MATERIALS AND METHODS

Study design

Central Referral Hospital is a tertiary healthcare teaching hospital. During the study period from June 2007 to June 2008, 1489 specimens were collected from patients with suspected nosocomial infections, according to definitions described by the Centers for Disease Control (CDC).[21] In particular, infections were considered nosocomial if symptoms and signs appeared after 48 hours of hospitalization. Various samples included in the study were urine, pus, sputum, blood and cerebrospinal fluid.

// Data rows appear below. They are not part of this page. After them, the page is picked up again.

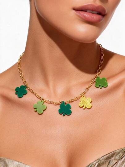 1pc New Minimalist Multi-Pendant St. Patrick's Day Gift Necklace, Creative Pendant Choker Necklace, Spring/Summer - Green - View 1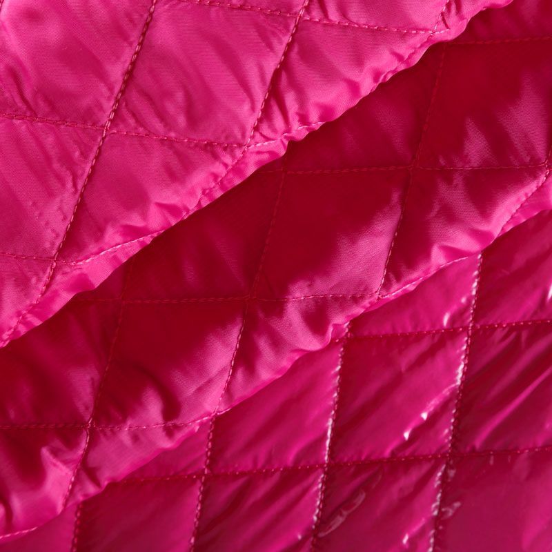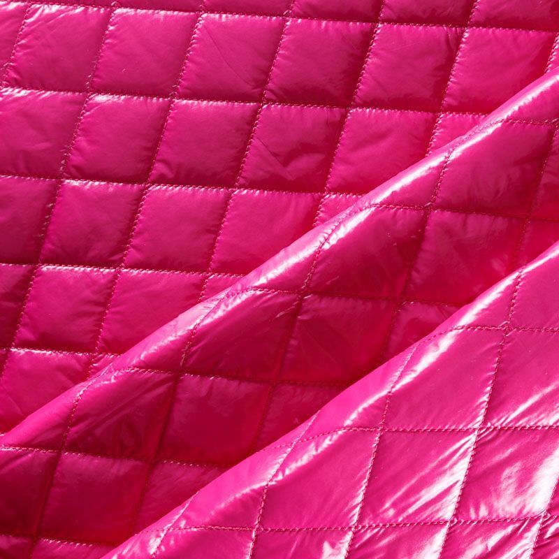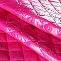 Трехслойная курточная стежка ярко-розового цвета, простеганная не крупными ромбами. Верхний  слой - полиэстер, по качеству напоминающий болонь, средний слой - синтепон, нижний слой - подкладочная ткань в тон лицевой. Очень мягкая и легкая, пластичная, хорошо драпируется. Прекрасно подойдет для  пошива легких пальто, курток, жилетов, накидок-кейпов, объемных сумок.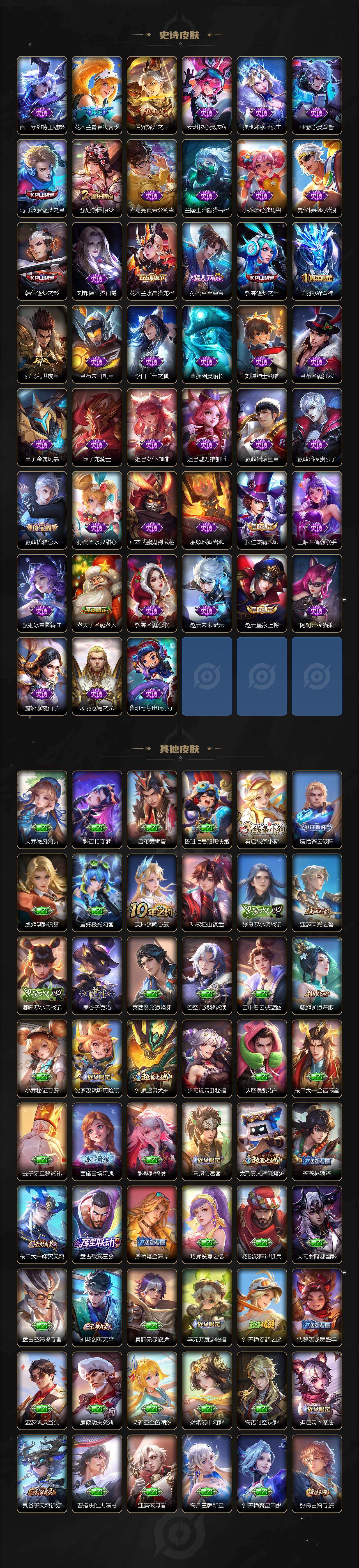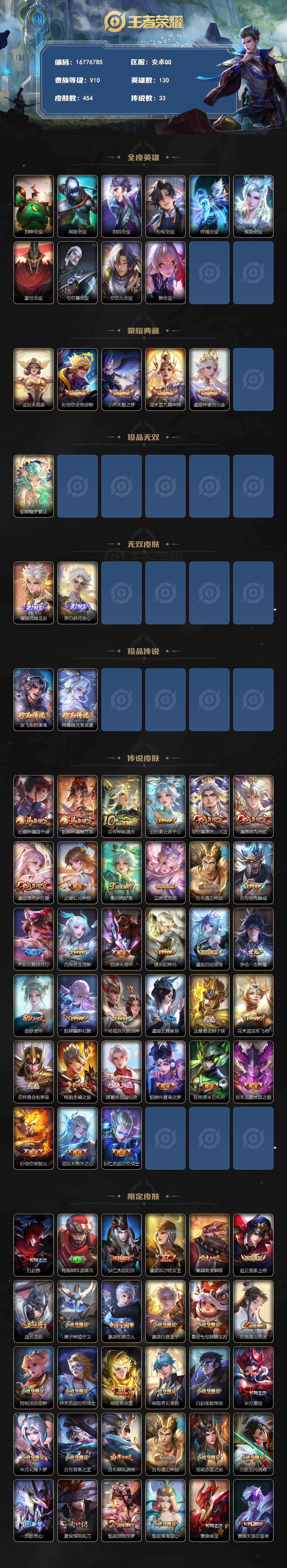 【16776785】贵族10/皮肤454/典藏4/传说33/史诗138/英雄1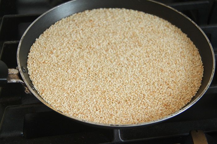 Кунжут слегка обжарить.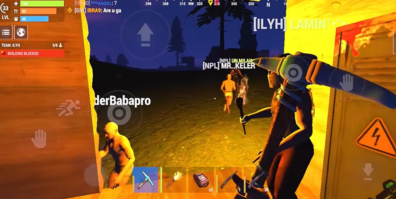 使用木头和石块建造简易房屋,保护资源和角色安全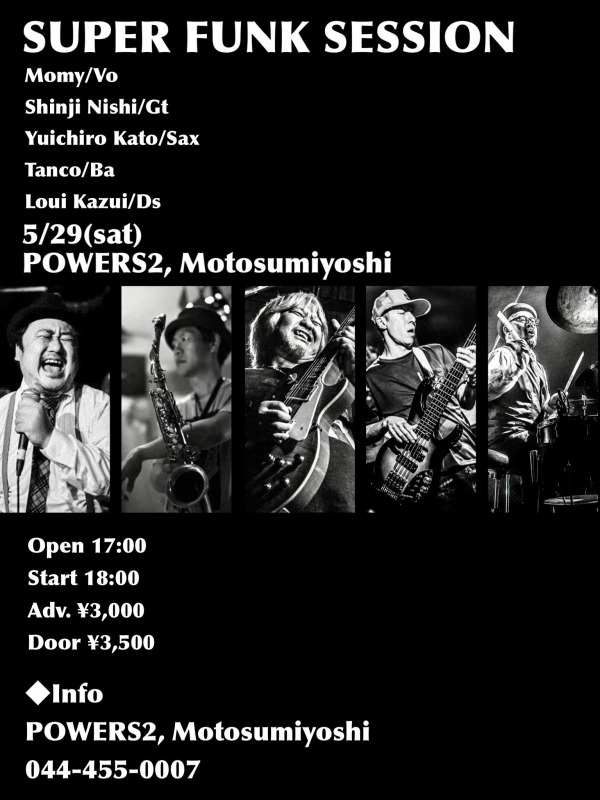 レジェンドギタリスト西慎嗣、HOME GROWNのTanco、NATSUMEN等で活躍する加藤雄一郎、そしてモミーFUNK!のモミーと数井塁による「SUPER FUNK SESSION!!!」開催決定!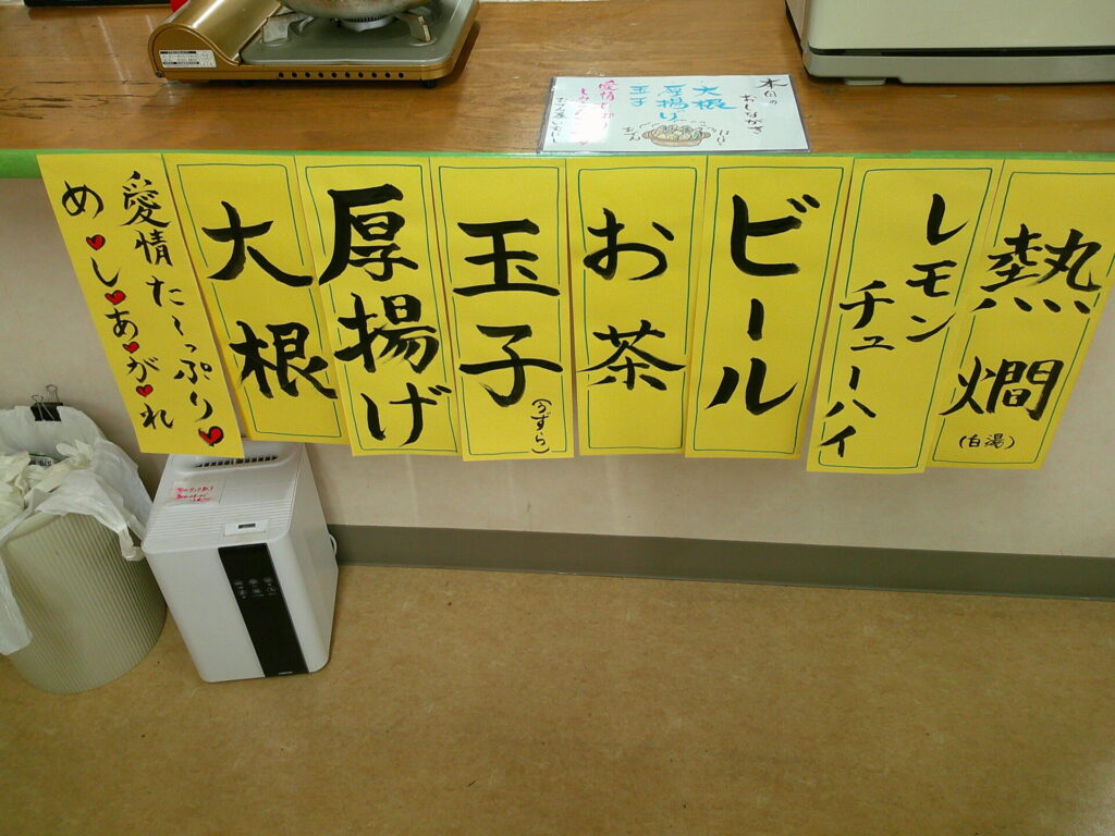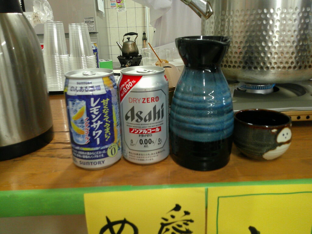 飲み物はビール、レモンチューハイ(ノンアルコール)、熱燗(白湯)をご用意(^^♪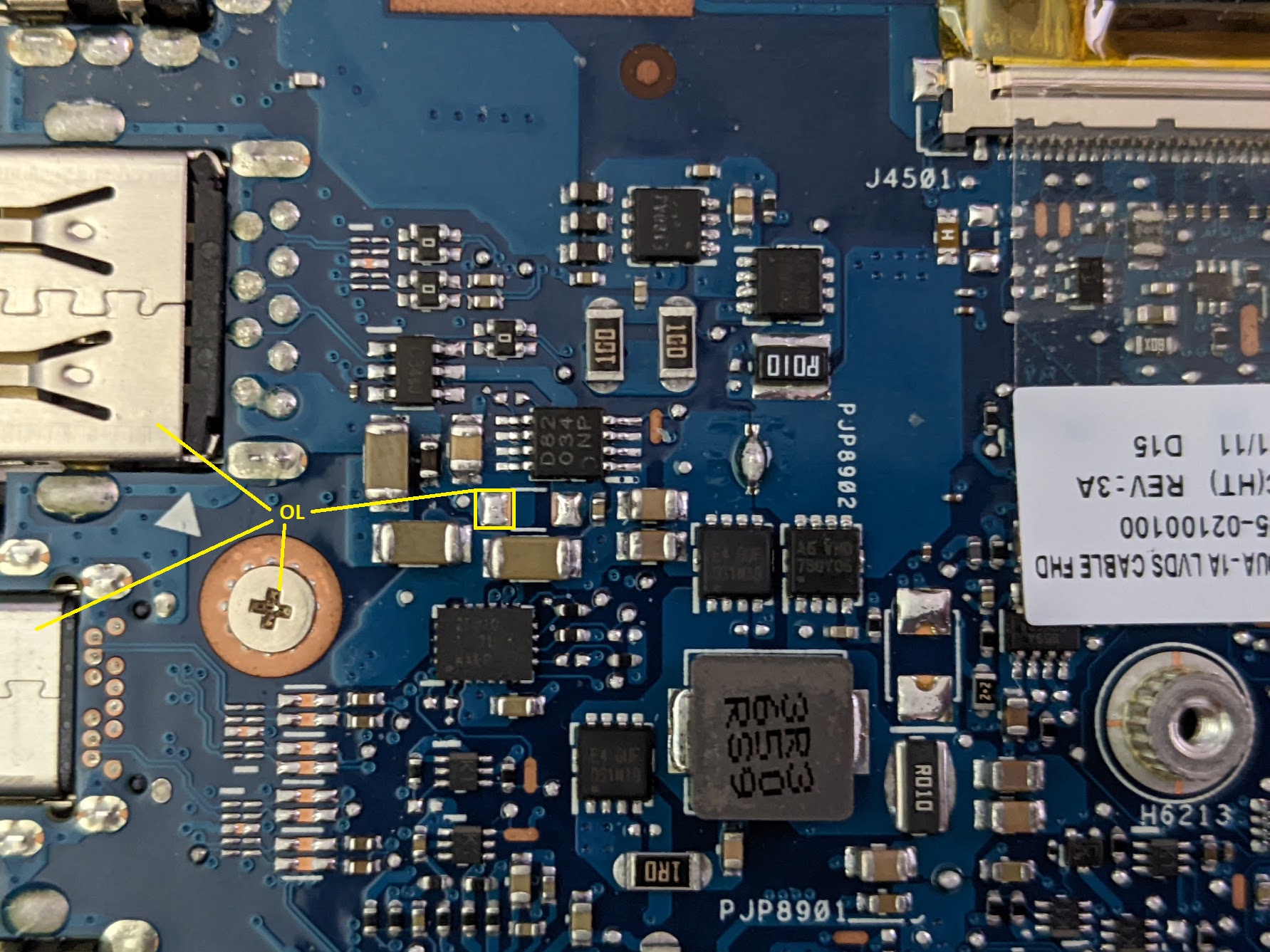 I have included pictures of the board, as well as closeups of some of the areas that seem important to the power supply/charging circuit. I did find two sets of schematics on the forum (https://www.badcaps.net/forum/showth...hlight=ux330ua) and have tried clicking through them to understand what things might be involved.

Bacterial strains and susceptibility testing

One thousand four hundred and eighty-nine specimens collected from patients with suspected nosocomial infections were cultured on blood agar (Hi media, Mumbai, India) and MacConkey agar (Hi media, Mumbai, India) except for urine samples which were plated on Cysteine Lactose Electrolytes Deficient (CLED) agar (Hi media, Mumbai, India). Isolated strains were identified on the basis of colony morphology and biochemical reactions.[22] The susceptibility of gram negative bacilli to antimicrobial agents was performed on Muller Hinton agar (Hi media, Mumbai, India) by modified Kirby Bauer disc diffusion method following the criteria put forward by the CLSI,[23] with 30μg each of the third generation cephalosporins (3GCs), ceftazidime, cefotaxime and ceftriaxone. The inoculated plates were incubated for 16-18 hours at 37°C. Isolates found resistant or with decreased susceptibility (Intermediate) to any one of the 3GC antibiotics were selected for the presence of ESBLs.[24] Antibiogram of each isolate was also determined for the following antimicrobials by modified Kirby Bauer disc diffusion method[25] ampicillin (10μg), ampicillin/sulbactam (10/10μg), piperacillin (100μg), piperacillin/tazobactam (100/10μg), tetracycline (30μg), trimethoprim/sulfamethoxazole (1.25/23.75 μg), ciprofloxacin (5μg), gentamicin (10μg), and imipenem(10μg).

Testing for presence of ESBL

ESBL detection was carried out by two procedures

1. Screening for ESBL producers - Double disc synergy assay

The DDST was performed as a standard disc diffusion assay on Muller Hinton Agar (MHA). Discs containing 30μg aztreonam and 30μg of ceftazidime, ceftriaxone and cefotaxime each were placed 30mm apart (centre to centre) around a disc containing amoxicillin plus clavulanic acid (augmentin 20μg + 10μg). The MHA plate was incubated at 37°C for 24 hrs. Enhancement of inhibition zone of any one of the test antibiotics towards augmentin disc was regarded as presumptive ESBL production and subjected to phenotypic confirmatory test.[2627] If the screening test was negative it was repeated placing the discs 20mm apart.[28]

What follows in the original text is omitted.